1. Introduction

Subwavelength optical fibers, with core dimensions less than the wavelength of the light, have properties that differ significantly from conventional fibers. When the core dimensions are selected to provide optimal mode confinement (ie minimum effective mode area, A_eff), it is possible to produce fibers with extreme values of nonlinearity (γ) [1,2]. It has recently been discovered that the modes that propagate in such fibers have a significant amount of energy polarized along the propagation direction. In other words, the modes stop being transverse, which leads to significantly higher values of nonlinearity [2]. For smaller sizes, significant fractions of the mode also become located in air outside the core, which is the basis for using these fibers as gas or liquid sensing platforms [3].
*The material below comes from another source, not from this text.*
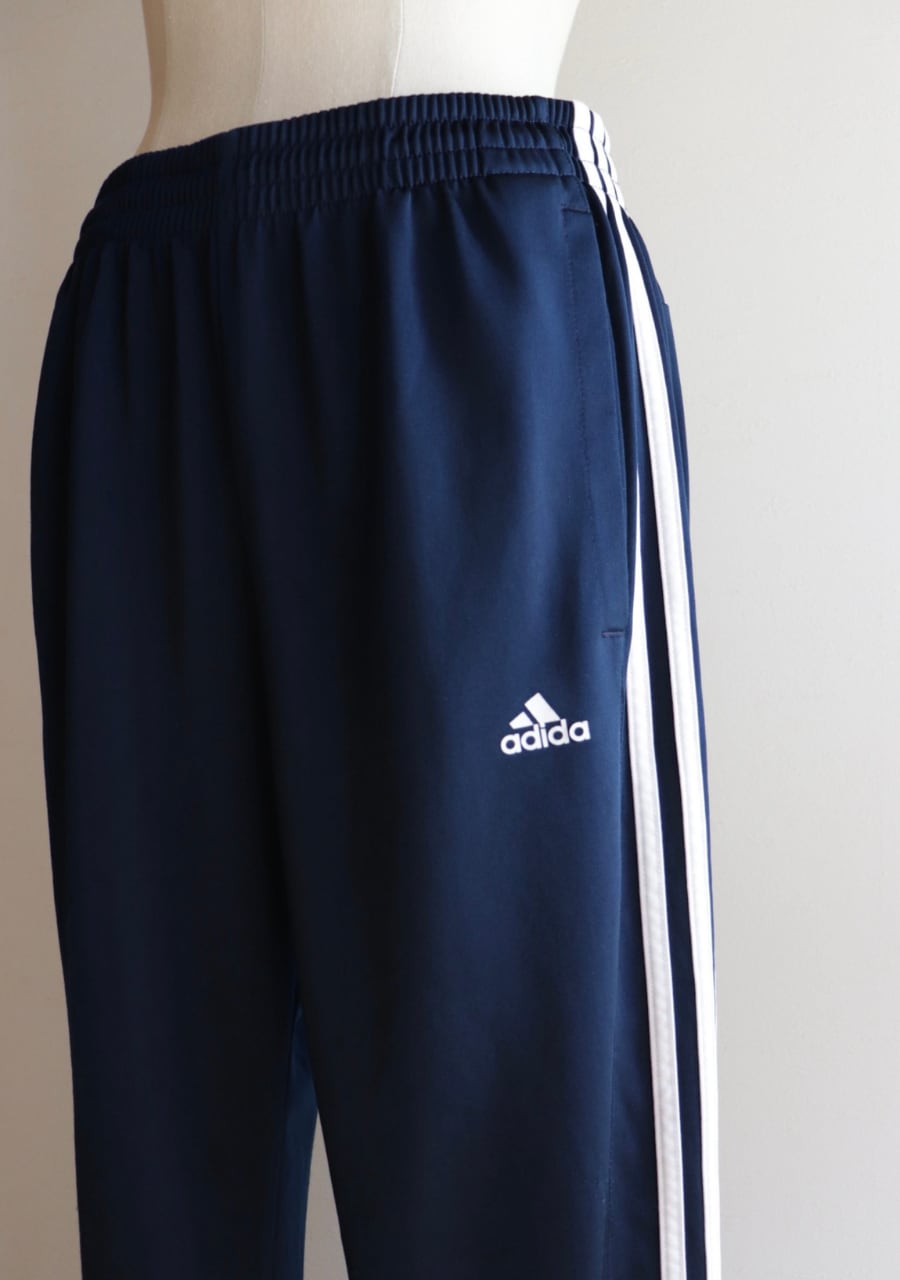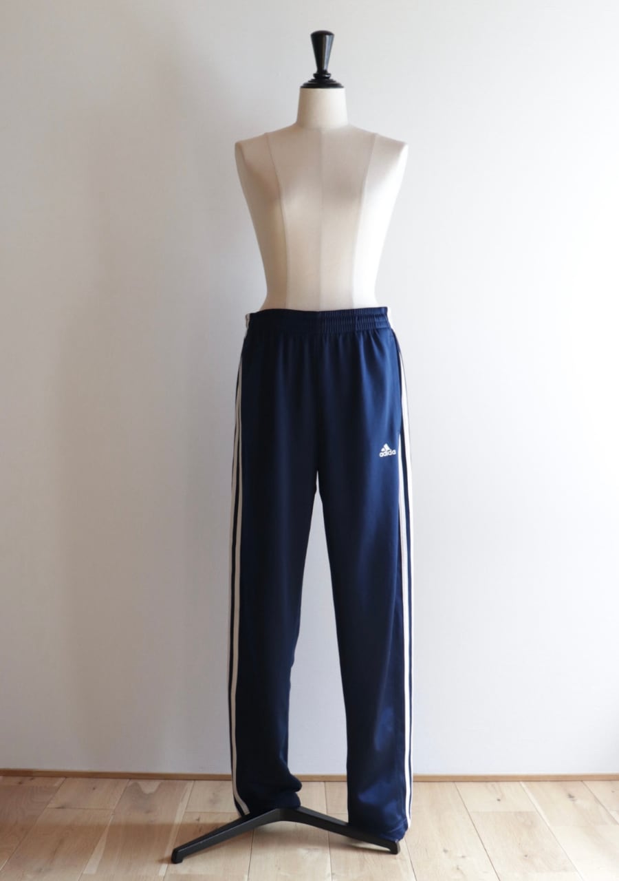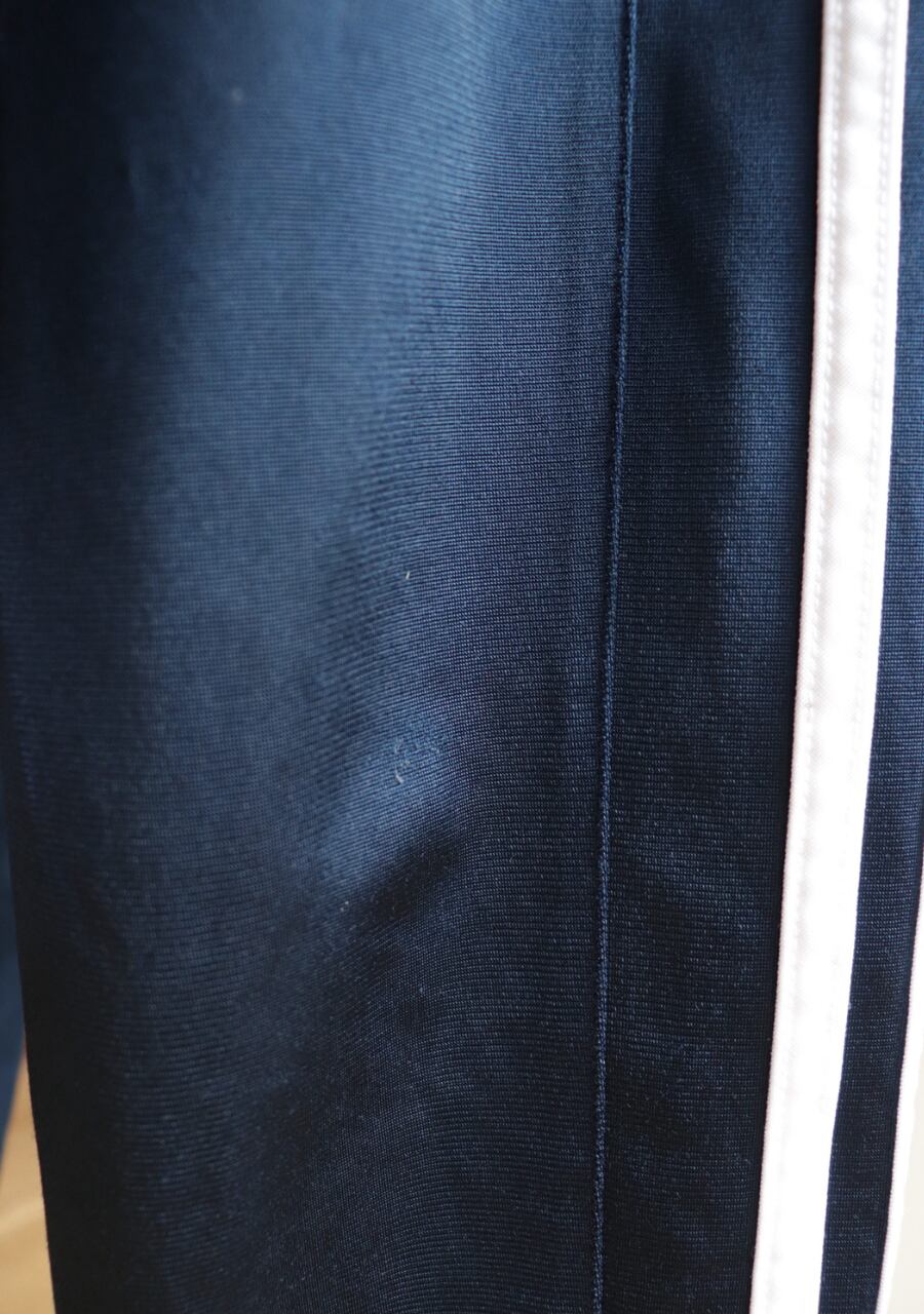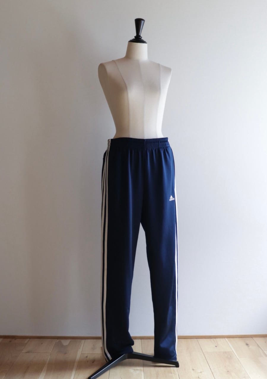 2018/04製造と比較的最近の物になります。使用感がありますがファッションに取り入れやすいネイビーカラーの人気の三本ライン。レイヤードしても良し。大人のスポーツミックスコーディネートを楽しんでいただけます。トラックパンツだけあって動きやすさ抜群です。
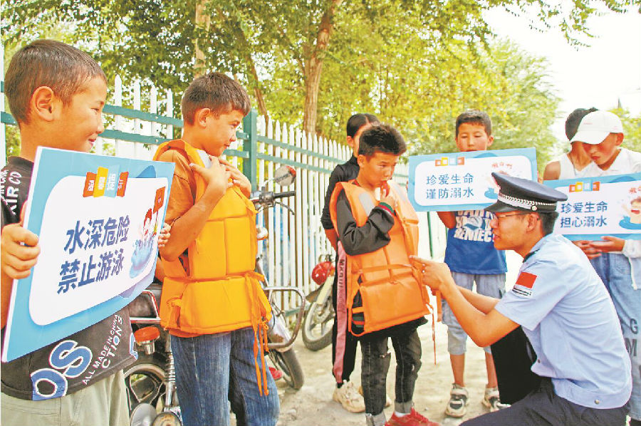 7月30日,新疆出入境边防检查总站克州边境管理支队恰提铁列克边境派出所民警在辖区开展暑期防溺水安全教育活动。

When a hole of subwavelength dimension is introduced within the core region of any optical fiber, it has a notable impact on the characteristics of the propagating mode. The normal component of electric field at the interface of the hole is discontinuous; light intensity on the low index side of the interface of the air hole scales with the squared refractive index contrast at the interface [4]. Using this principle, high index silicon-on-insulator [SOI] slot waveguide structures [5] were proposed by Almeida in 2004. The air “slot” embedded between two high index silicon slabs acts as a waveguide, propagating light with its peak intensity 20 times higher than is possible using conventional silica planar waveguides. Conventional semiconductor processes allow relatively easy fabrication of such structures, and as a result research in on-chip high index SOI-based slot waveguide devices has flourished. One opportunity such devices enable is the filling of the slot with novel materials, and for example highly nonlinear silicon nanocrystals have been used to demonstrate ultrafast all-optical switching [6] and four-wave mixing [7]. Increased light-sample interaction in a slot waveguide ring resonator [8] has enabled the realization of label-free detection with a volume refractive index detection limit of 5x10⁻⁶ RIUs, the highest detection sensitivity reported for an integrated planar ring resonator [9]. A wide variety of slot waveguide structures are possible; they have been used to produce polarization-independent couplers [10], dispersion compensators [11] and polarization splitters [12]. The combination of high optical confinement and potential small sample volumes in the slot also make such structures attractive as single photon sources for quantum information processing [13]. Besides these applications, understanding ways of controlling light on the nanoscale via structuring of materials is also of fundamental interest.

Although easy to fabricate and high index, SOI slot waveguides have relatively high attenuation (of order 10 dB/cm) [14], which limits their useful length to centimeters at most. Due to long effective length, low loss and flexibility in fiber geometries, fibers with subwavelength low index holes offer a tantalizing platform for exploring light-material interactions inside nanoscale structures. The concentration of optical energy within an air hole in a fiber core was first demonstrated for a silica microstructured fiber (MOF) [15], and holes as small as 110 nm were fabricated in the silica fiber core. High index soft glasses offer an attractive alternative to silica due to the availability of high index glasses, which significantly increase light enhancement. Combining high index and low melting temperature, soft glass can be fabricated into microstructured fibers [16,17] with ultra-high nonlinearity [18] and/or strong evanescent field for sensing applications [19].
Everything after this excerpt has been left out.